Core Advantages of Scrapy

  • High Performance: Asynchronous processing, supports concurrent requests
  • Scalable: Middleware system, easy to customize
  • Complete Functionality: Built-in data pipelines, middleware, and schedulers
  • Active Community: Rich extensions and plugins

2. Detailed Architecture of Scrapy

Component Architecture Diagram

Engine (Engine)
    ↑↓
Scheduler (Scheduler)
    ↑↓
Downloader (Downloader)
    ↑↓
Spiders (Spiders)
    ↑↓
Item Pipeline (Item Pipeline)
    ↑↓
Downloader Middlewares (Downloader Middlewares)
    ↑↓
Spider Middlewares (Spider Middlewares)

Data Flow Process

  1. Engine retrieves the initial request from the Spider
  2. Engine sends the request to the Scheduler
  3. Scheduler returns the request to the Engine
  4. Engine sends the request to the Downloader
  5. Downloader downloads the page and returns the Response to the Engine
  6. Engine sends the Response to the Spider for processing
  7. Spider parses the Response, returning Items or new Requests
  8. Engine sends Items to the Item Pipeline and new Requests to the Scheduler
  9. Repeat steps 2-8 until there are no new requests

3. Scrapy Project Structure

Creating a Scrapy Project

# Install Scrapy
pip install scrapy

# Create project
scrapy startproject myproject

Project Directory Structure

myproject/
├── scrapy.cfg                  # Project configuration file
└── myproject/                  # Project Python module
    ├── __init__.py
    ├── items.py               # Data model definitions
    ├── middlewares.py         # Middleware definitions
    ├── pipelines.py           # Data pipelines
    ├── settings.py            # Project settings
    └── spiders/               # Spiders directory
        ├── __init__.py
        └── example_spider.py  # Spider implementation

4. Detailed Explanation of Core Components

Items – Data Models

# items.py
import scrapy
from itemloaders.processors import TakeFirst, MapCompose
from w3lib.html import remove_tags

def clean_price(value):
    """Clean price data"""
    if value:
        return value.replace('¥','').replace(',','').strip()
    return value

def clean_text(value):
    """Clean text data"""
    if value:
        return value.strip()
    return value

class ProductItem(scrapy.Item):
    # Define data fields
    name = scrapy.Field(
        input_processor=MapCompose(remove_tags, clean_text),
        output_processor=TakeFirst()
    )
    price = scrapy.Field(
        input_processor=MapCompose(remove_tags, clean_price),
        output_processor=TakeFirst()
    )
    description = scrapy.Field(
        input_processor=MapCompose(remove_tags, clean_text),
        output_processor=TakeFirst()
    )
    url = scrapy.Field(
        output_processor=TakeFirst()
    )
    image_urls = scrapy.Field()
    images = scrapy.Field()
    crawled_at = scrapy.Field(
        output_processor=TakeFirst()
    )

Spiders – Core of the Crawlers

# spiders/product_spider.py
import scrapy
from myproject.items import ProductItem
from urllib.parse import urljoin
import json

class ProductSpider(scrapy.Spider):
    name = "products"  # Unique identifier for the spider
    allowed_domains = ["example.com"]  # Allowed domains
    start_urls = ["https://www.example.com/products"]  # Starting URL

    # Custom settings (will override settings.py)
    custom_settings = {
        'CONCURRENT_REQUESTS': 4,
        'DOWNLOAD_DELAY': 1,
        'FEED_EXPORT_ENCODING': 'utf-8',
    }

    def parse(self, response):
        """Parse product list page"""
        self.logger.info(f"Parsing product list page: {response.url}")

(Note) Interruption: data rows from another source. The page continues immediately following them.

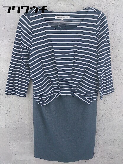 - ◇ STRAWBERRY-FIELDS ストロベリーフィールズ ボーダー 七分袖 膝丈 ワンピース ネイビー ホワイト レディース
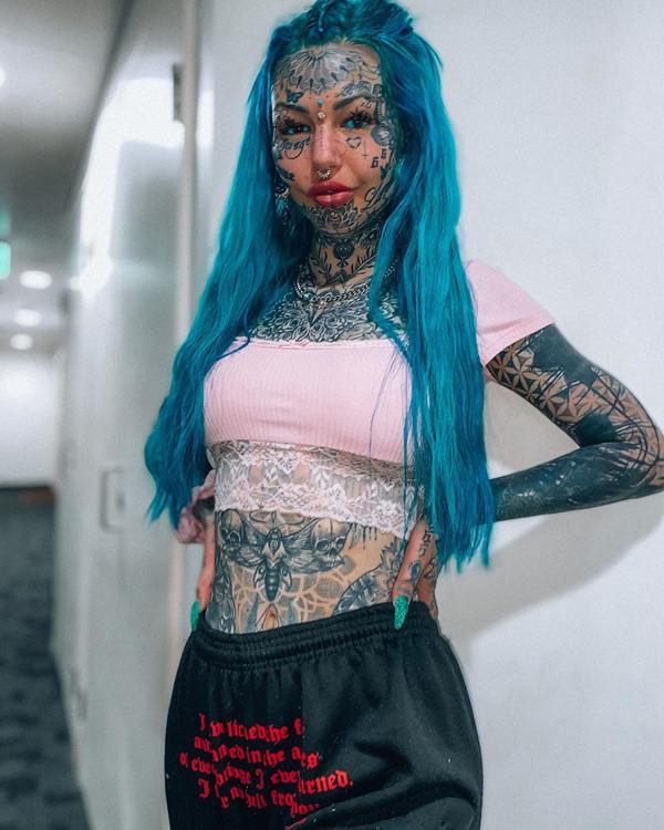 Девушка показывает пирсинг и рисунки на теле
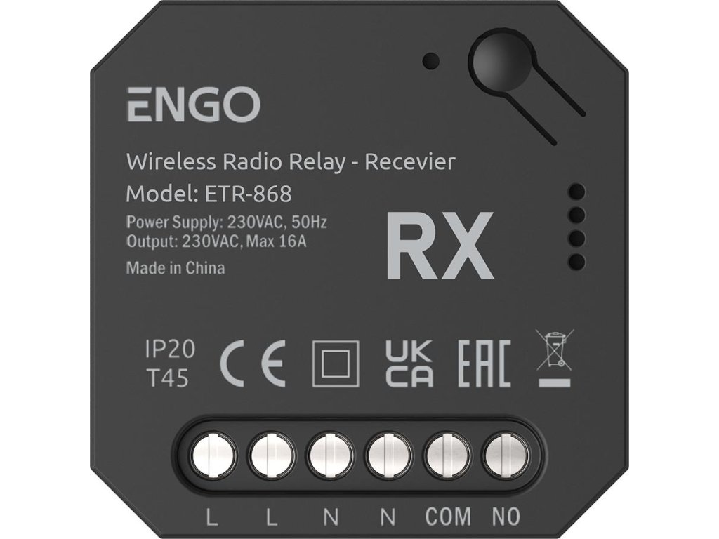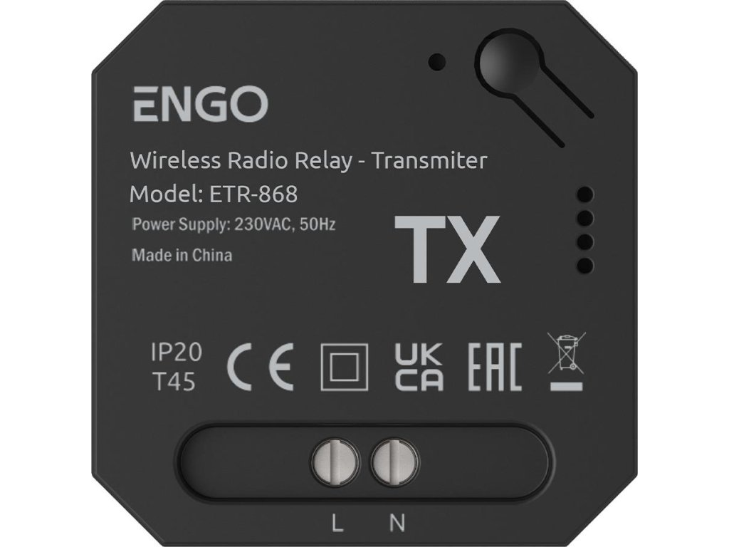 ENGO Controls ETR-868 - bezdrôtové relé EngoLink, rádiom riadený vysielač+prijímač, 868Mhz, 230V
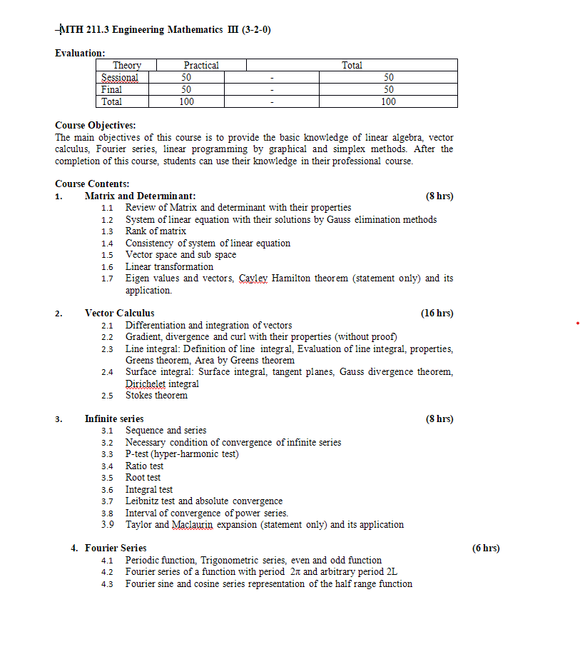 Syllabus of Engineering Mathematics III subject from Pokhara University (PU).
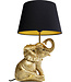 Sfeerlamp in de vorm van een blije olifant met een zwarte lampenkap. Een combinatie van een beeldsculptuur en lamp in één (exclusief bulb).
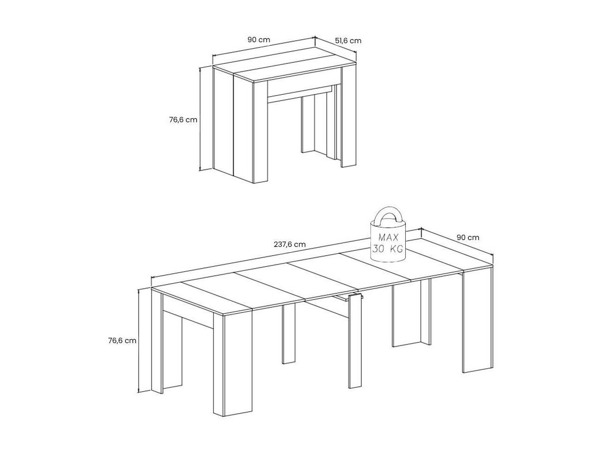 Table console à rallonge Dpanozz, Table avec rallonges, Console polyvalente, Table à manger extensible jusqu'à 10 places, 90/237x51h78 cm, Ciment
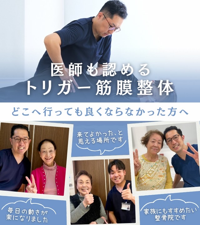 トリガーポイントや筋膜といったレントゲンには写らない真の原因を専門的な知識で探り当て、確かな技術で取り去ります。
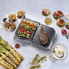 Cinq options de cuisson Conception élégante et contemporaine Affichage ACL Les plaques amovibles, réversibles et antiadhésives vont au lave-vaisselle Boîtier en acier inoxydable brossé Couvercle flottant |
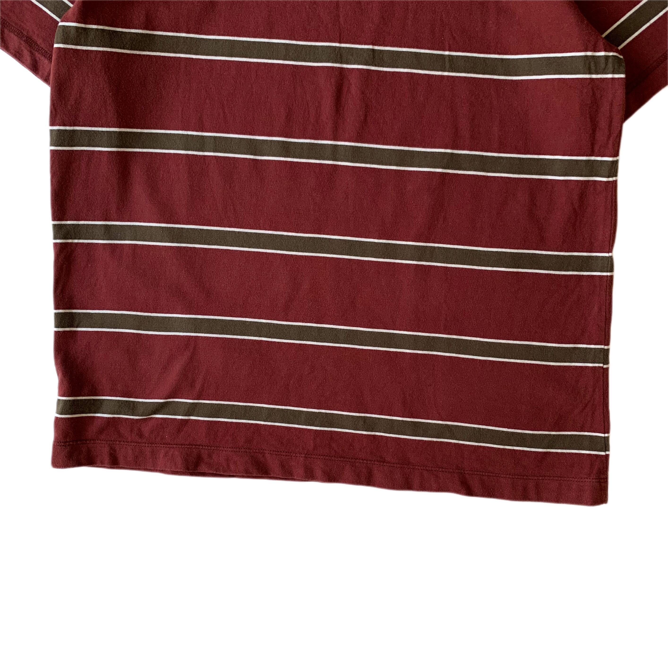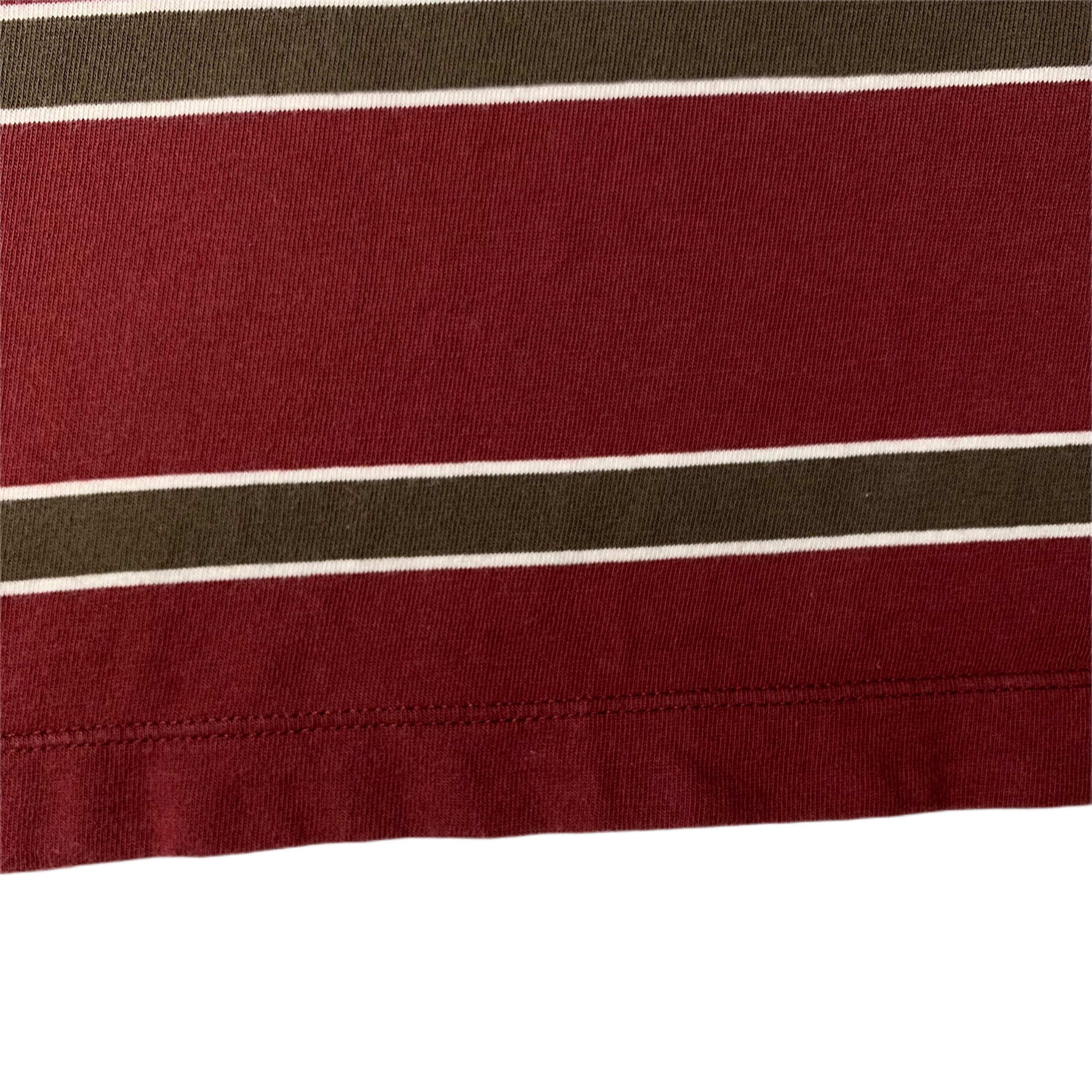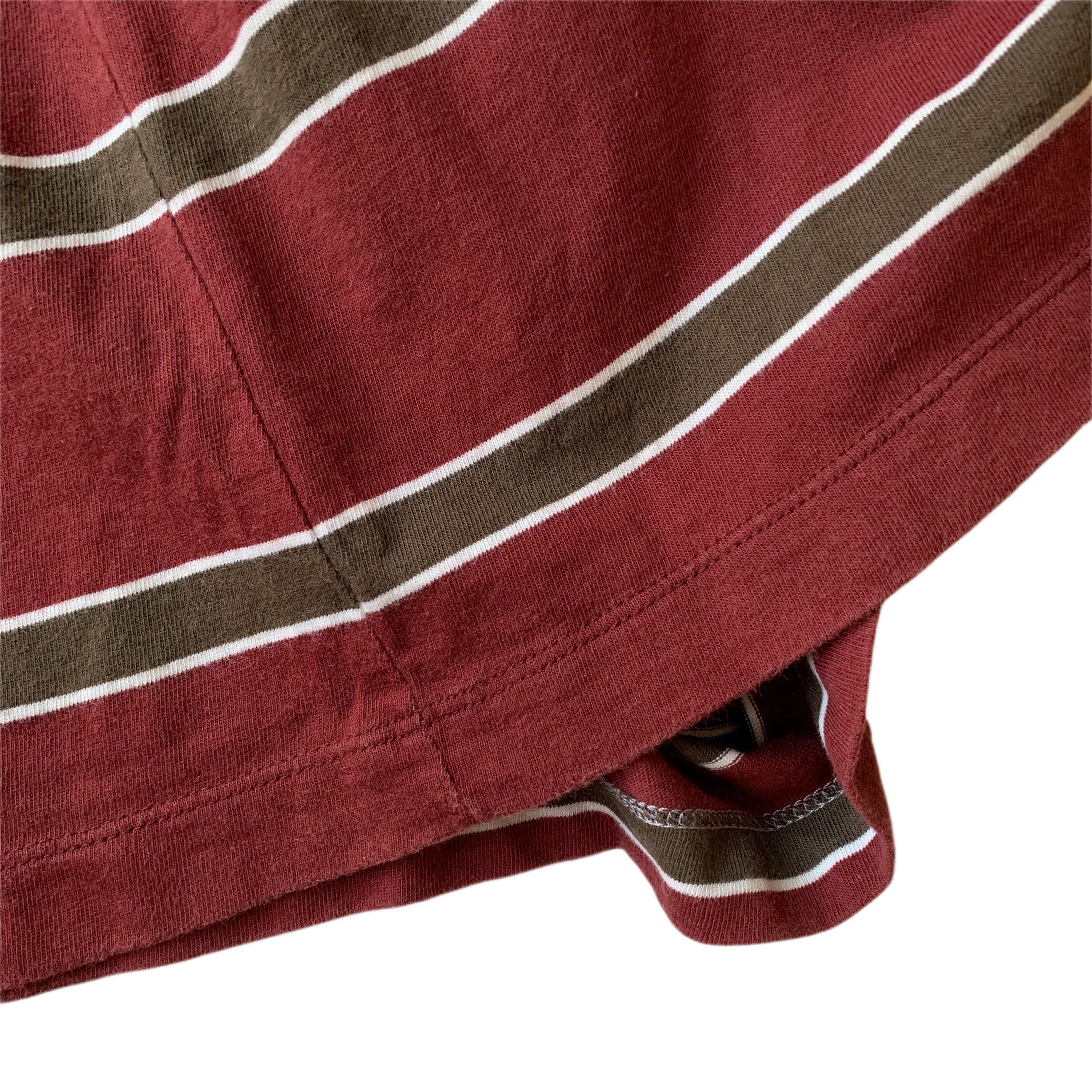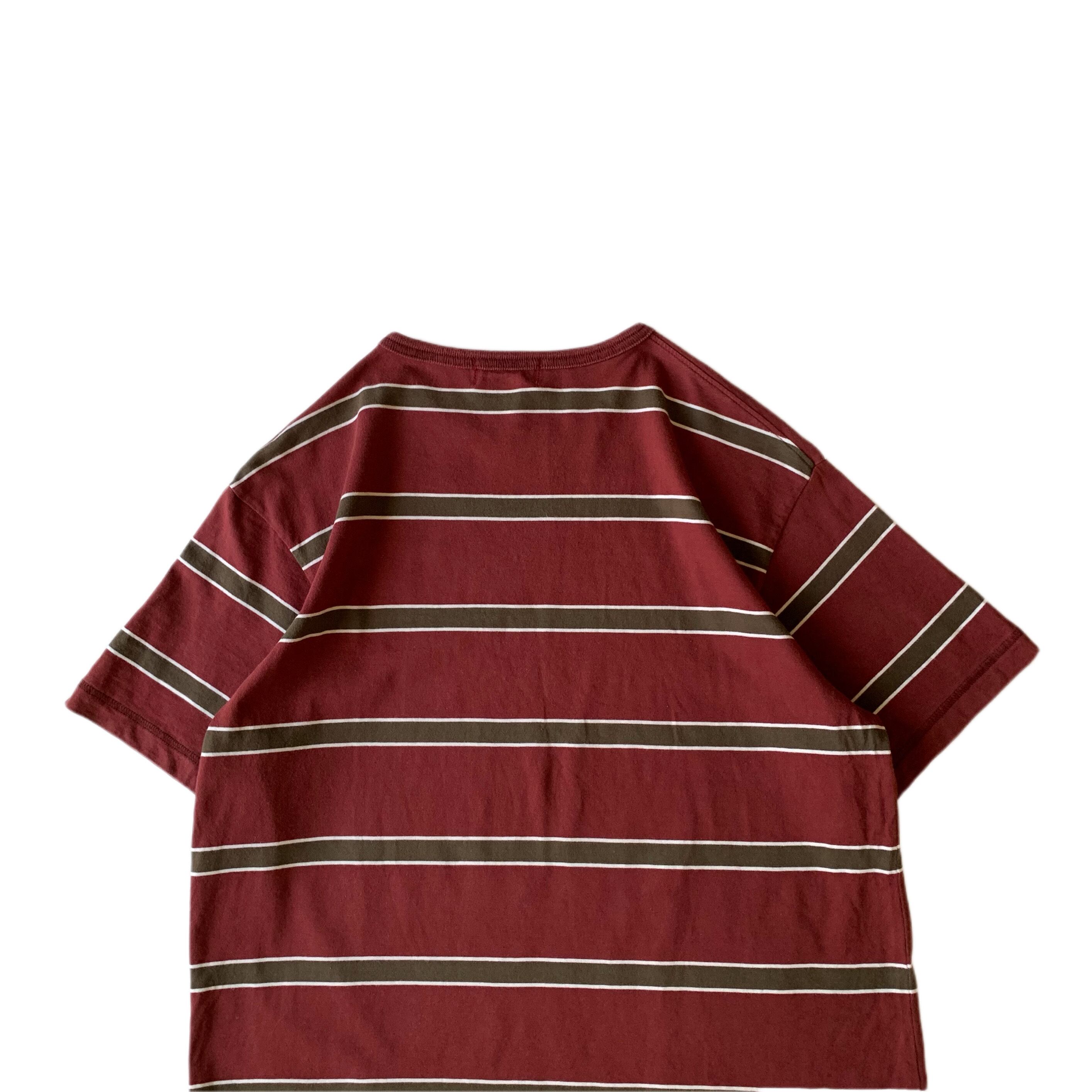 バーガンディ×ホワイト×カーキ系のボーダー柄。
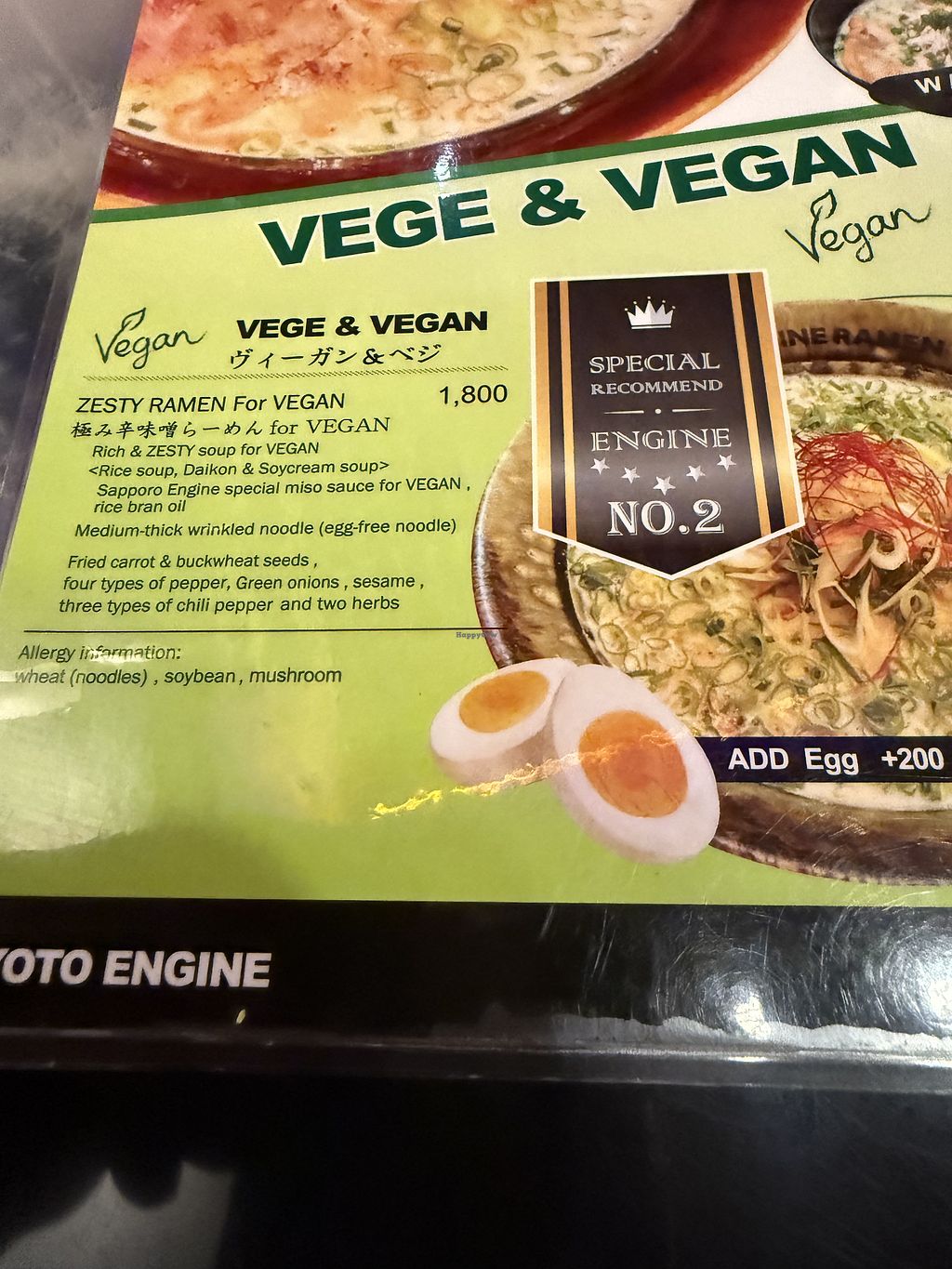 Due opzioni di VERO ramen vegane. Porzioni super abbondanti. Prezzo nella media. Anche i ravioli hanno opzione vegan. Molto attenti e rapidi nel servizio. Parlano un inglese comprensibile (non scontato in giappone) mancano i dolci
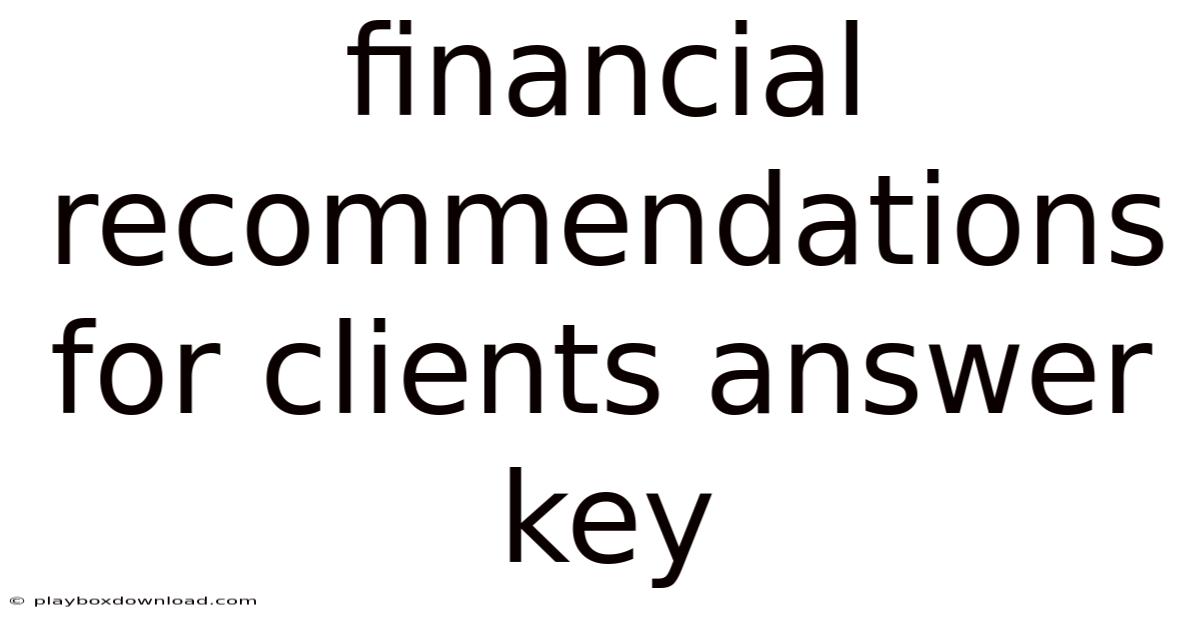 Financial Recommendations For Clients Answer Key

        # Extract product links
        product_links = response.css('div.product-item a::attr(href)').getall()
        for link in product_links:
            product_url = urljoin(response.url, link)
            yield scrapy.Request(
                url=product_url,
                callback=self.parse_product,
                meta={'original_url': product_url}
            )

        # Pagination handling
        next_page = response.css('a.next::attr(href)').get()
        if next_page:
            next_page_url = urljoin(response.url, next_page)
            yield scrapy.Request(
                url=next_page_url,
                callback=self.parse
            )

    def parse_product(self, response):
        """Parse product detail page"""
        self.logger.info(f"Parsing product detail page: {response.url}")

        item = ProductItem()

        # Use CSS selectors to extract data
        item['name'] = response.css('h1.product-title::text').get()
        item['price'] = response.css('.price::text').get()
        item['description'] = ' '.join(response.css('.description ::text').getall())
        item['url'] = response.meta.get('original_url', response.url)
        item['image_urls'] = response.css('.product-image img::attr(src)').getall()
        item['crawled_at'] = scrapy.utils.project.get_project_settings().get('CRAWLED_AT')

        # Data validation
        if not item['name']:
            self.logger.warning(f"Missing product name: {response.url}")
            return

        yield item

    def start_requests(self):
        """Override start requests to add custom logic"""
        for url in self.start_urls:
            yield scrapy.Request(
                url=url,
                callback=self.parse,
                headers={
                    'User-Agent': 'Mozilla/5.0 (Windows NT 10.0; Win64; x64) AppleWebKit/537.36'
                }
            )

Pipelines – Data Pipelines

# pipelines.py
import pymongo
import mysql.connector
from scrapy.exceptions import DropItem
import logging
from itemadapter import ItemAdapter

class DataValidationPipeline:
    """Data validation pipeline"""

    def process_item(self, item, spider):
        adapter = ItemAdapter(item)

        # Check required fields
        required_fields = ['name', 'price', 'url']
        for field in required_fields:
            if not adapter.get(field):
                raise DropItem(f"Missing required field: {field}")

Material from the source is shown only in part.